#ITSNOTOK My Story: 5

Blue speech bubble logo. Red and white text reads: SEXUAL ABUSE AND SEXUAL VIOLENCE AWARENESS WEEK 2017. 6TH - 12TH FEBRUARY

For Sexual Abuse and Sexual Violence Awareness Week we are amplifying disabled survivors voices on our blog. This piece of writing was sent to us anonymously.

Content note: this post is about sexual violence.

5

5,889 miles. 12 hours. 5 years. 3 minutes. 1 person

One night, less than 12 hours. 5,889 miles from the safety of home. You took those hours away from me.

A slip of the hand, a disguised sedative. You marked my body with blood and bruises, imprinting my skin with your control. A constant reminder of my domination and shame.

Waking with no recollection, just the physical marks of power. The shame and embarrassment washed over me biting the wounds aggressively with tides of salt water. A million hidden tears, stinging my wounds. I recoiled and hid my shame from the world.

The bruises you had left on skin had faded but had become scars on my mind. 5 years later. My memory was lost again. The scars of your trauma began to bleed. A 5-year flood burst its banks, washing over me with fear, guilt, shame, terror.

Jolting me awake to the terror of this world. Everything a threat. Lights too bright. Noises too loud. Danger always constant. My mind hyper-vigilant to the potential of my loss of control.

As the people in my life watch me writhe and shake on the floor. My body banging against the floor, my mind attempting to expel your bruises from my mind.
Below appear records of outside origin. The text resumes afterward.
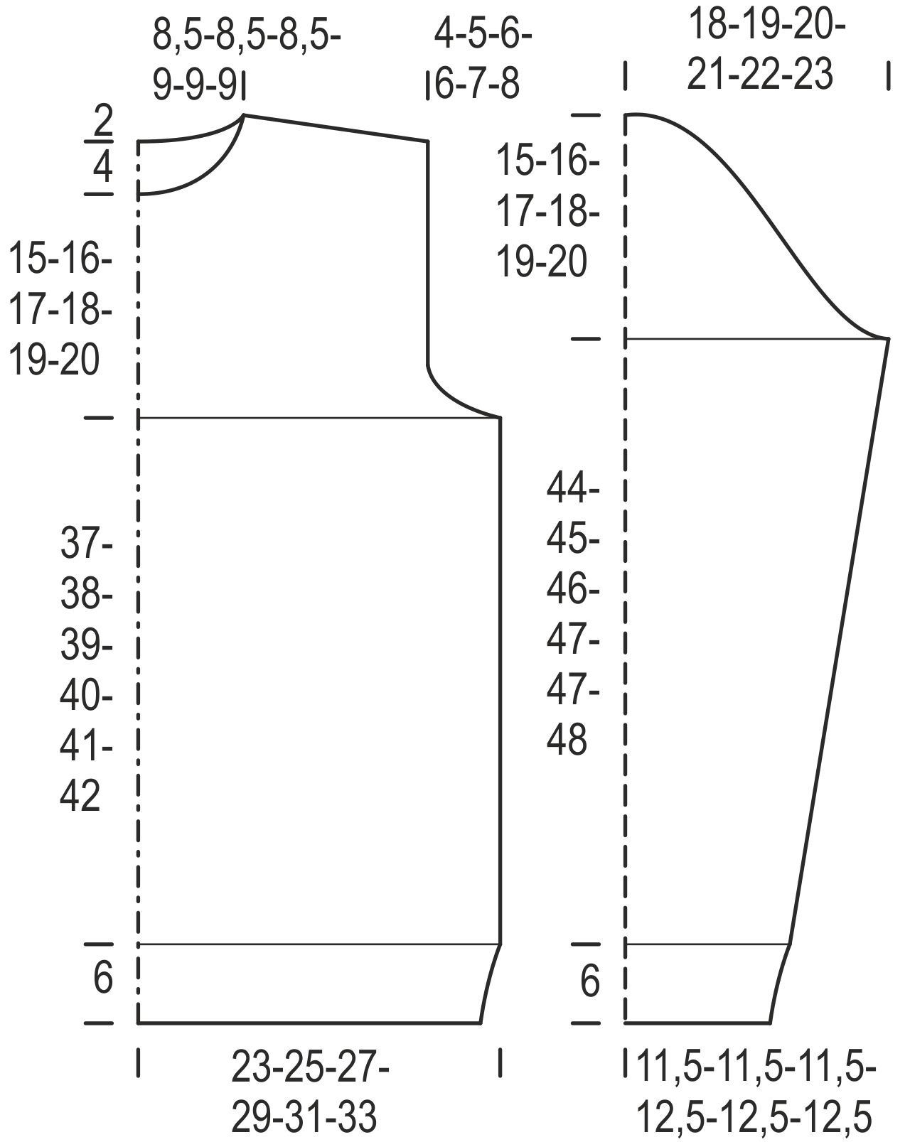 Kun kappaleen korkeus on 43(44)45(46)47(48) cm, päätä kädentietä varten molemmissa reunoissa joka 2. krs 1x3(3)4(4)5(5) s, 1(1)1(1)2(2)x2 s ja vielä 1(2)3(3)2(3)x1 s = 60(62)66(70)74(76) s.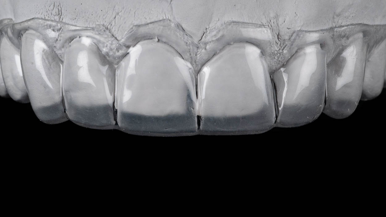 Zur Kontrolle der Präparation werden im Labor Tiefziehfolien über die neu geplante Form der Zähne gezogen. Mithilfe dieser glasklaren, weichen Folien kann der Zahnarzt*ärztin dann die Präparation im Mund kontrollieren.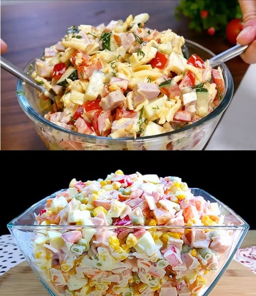 Kada su svi sastojci pripremljeni, prelazi se na sastavljanje salate. U velikoj zdjeli sjedinite narendanu šargarepu, usitnjena jaja, kockice šunke i papriku. Na to dodajte grašak i kukuruz. Pažljivo sve promiješajte kako bi se sastojci ravnomjerno rasporedili. Veoma je važno da se salata miješa lagano, kako se ne bi narušila tekstura sastojaka – posebno jaja i šunke, koji su mekši.

3 minutes. My body disconnecting from the fear, shame, self-loathing and guilt. Trying to process the suffering you caused me.

Slowly I began to heal. Self-love stitched together those scars you made. A wash of anger clotted those scars, hardening them. That guilt and shame unable to penetrate. Resilient.

I now wear those scars as armour. I can talk about them. I can cry and scream about them. I accept them as signs of a battle that I lost, but of a war that I have won. Proof that there is always the possibility of healing.

1 person did this to me. 3 minutes of disconnection. 5 years of shame. 12 hours of domination. 5,889 miles away.

But they will not control me again.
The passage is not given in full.